2.5.3. Reverse Transcription-Polymerase Chain Reaction (RT-PCR) Assay

RAW 264.7 cells were seeded in a 6-well plate at a concentration of 2.5 × 105 cells/ml. After overnight incubation, the cells were resuspended in 1 ml of supplemented DMEM and pretreated with various concentrations of samples for 2 h. LPS 100 ng/ml was then added and further incubated for 6 h. The cells were then washed twice with 1 ml PBS, harvested in 1 ml PBS, and subjected to RT-PCR analysis. Total RNA from the stimulated cells was extracted using RNAspin Mini RNA Isolation Kit according to the manufacturer’s instruction. cDNA was synthesized using iScript cDNA Synthesis Kit. The TGradient thermal cycler 96 (Biometra, Goettingen, Germany) was used for PCR amplification. The PCR mixture contained 50 ng cDNA, 1x PCR buffer, 1.25 mM MgCl2, 100 μM dNTPs, 450 nM of each primer, and 1 U Taq polymerase. The primers and PCR conditions used for amplification of iNOS, COX-2, and β-actin genes are shown in Table 1. The amplified products were separated on 1.5% (w/v) agarose gel. After gel electrophoresis was completed, the gels were stained with ethidium bromide and the PCR products were visualized under an UV illuminator (GeneSys, Rochester, New York, USA). The band intensity of iNOS and COX-2 genes was then normalized to β-actin and calculated as the relative expression.

Table 1: The primer sequences used for PCR amplification.
2.5.4. Immunoblotting Analysis

RAW 264.7 cells were seeded in a 6-well plate at a concentration of 1.9 × 105 cells/ml. After overnight incubation, they were resuspended in 1 ml of supplemented DMEM and pretreated with various concentrations of samples for 2 h before LPS (100 ng/ml) was added. After 16 h of incubation, the cell supernatants were collected and subjected to NO production analysis (see Section 2.5.5). The cells were washed twice with PBS and resuspended in 1 ml PBS. Following centrifugation of the cell sample at 10,000 rpm, the cell pellet was lysed in lysis buffer, pH 6.8. The mixtures were sonicated on ice for 1 min and then heated for 5 min in a dry bath incubator (Boekel Scientific, Pennsylvania, USA). The mixture was centrifuged at 10,000 rpm at 4°C for 5 min. The cell lysates were electrophoresed on 8% SDS-PAGE and then electrotransferred to a nitrocellulose membrane. The membrane was blocked with 5% blocking solution (Roche Diagnostics, Mannheim, Germany) in PBS for 1 h before incubating at 4°C overnight with specific monoclonal rabbit antibody to mouse iNOS and specific monoclonal mouse antibody to β-actin. The concentration of each antibody was used according to the manufacturer’s recommendation. The membranes were washed 3 times with 0.1% Tween 20 in PBS for 15 min, followed by reacting with HRP-conjugated goat anti-rabbit IgG (for iNOS) and HRP-conjugated rabbit anti-mouse IgG (for β-actin) at room temperature for 1 h. After that, the membrane was washed 4 times (20 min each wash) with 0.1% Tween 20 in PBS. Protein bands were detected by enhanced chemiluminescence as recommended by the manufacturer (Roche Diagnostics, Mannheim, Germany) after exposure to hyperfilm (GE Healthcare, Buckinghamshire, UK). The iNOS immunoblot signals were compared with β-actin and calculated as the relative protein expression.
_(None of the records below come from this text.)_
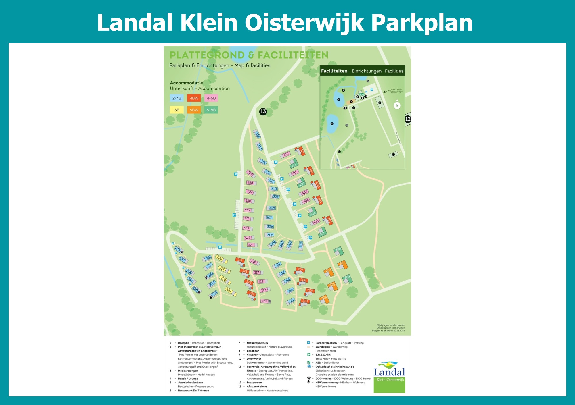 Aktueller und übersichtlicher Parkplan von Landal Klein Oisterwijk mit alle Unterkünfte und Einrichtungen, auch als PDF herunterladbar.
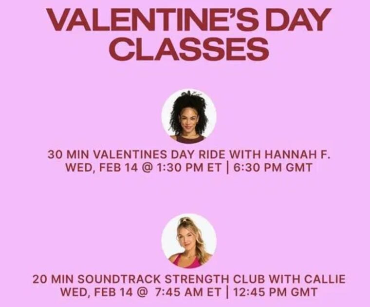 The schedule of 2024 Peloton Valentine’s Day classes has been announced.
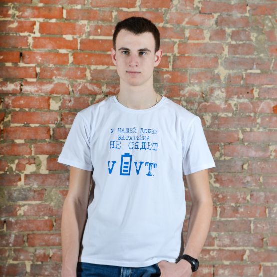 Футболка с принтом «У нашей любви батарейка не сядет»
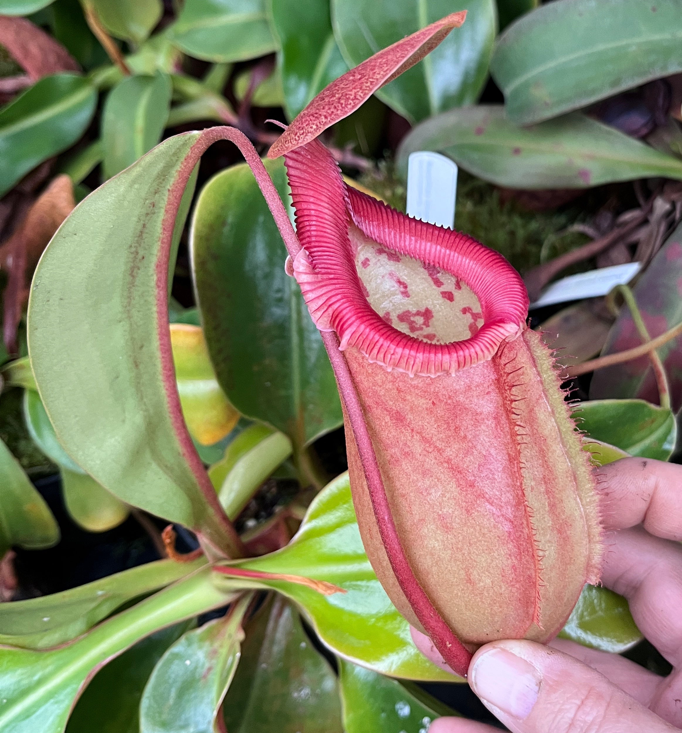 Diese Kannenpflanze wächst zu einer majestätischen Kletterpflanze heran, die selbst in großen Sammlungen heraussticht. Ihre bauchigen Kannen, die bis ins Detail kunstvoll gezeichnet sind, machen sie zu einem wahren Juwel für anspruchsvolle Sammler. Der seltene Zugang zu einer extragroßen Pflanze dieser Hybride unterstreicht ihren Status als unvergleichliches Highlight.
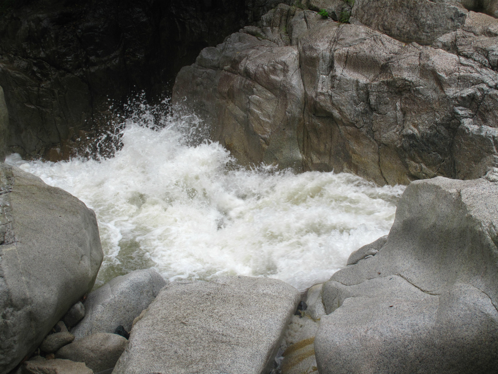 ここで昼食にする。昼食が終わったころに雷が鳴り、雨がぽつぽつ降り出した。これはあまりゆっくりもしていられないので、降り始めるとすぐに大粒の雨が降り出し、土砂降りになる。あっと言う間に流れは茶色に変わる。滝つぼをぷかぷか泳ぎながらのんびり下降するつもりだったんだけど、底が見えないので怖くて飛び込むことができない。

2.5.5. NO Production Assay

As detailed above, the nitrite concentration in cell supernatant was measured as an indicator of NO production using the Griess Reagent Kit. Briefly, 150 µl of each supernatant was mixed with 20 µl of Griess reagent (1% sulfanilamide in 5% phosphoric and 0.1% naphthylethylenediamine dihydrochloride in water) and 130 µl of distilled water in a 96-well plate. The mixtures were incubated at room temperature for 30 min and then the absorbance of each well was determined at 548 nm using a microplate reader. The amount of nitrite in samples was back-calculated from a sodium nitrite calibration curve (0–100 µM).

2.6. Statistical Analysis

All data were expressed as mean ± standard deviation (SD). Results were obtained from at least three independent experiments, each performed in triplicate. Statistical analysis was determined using one-way analysis of variance (ANOVA) followed by the Tukey’s test for multiple comparisons (GraphPad Prism 6.0, GraphPad Software Inc., San Diego, USA). values less than or equal to 0.05 were considered significant.

3. Results and Discussion

The leaves, fruit, and bark of mulberry have long been used to treat various illnesses and to improve health functions. However, few reports have investigated the health benefits of the stem wood of mulberry which is abundantly available in Thailand. The anti-inflammatory effects were the biological activity particularly investigated in this study.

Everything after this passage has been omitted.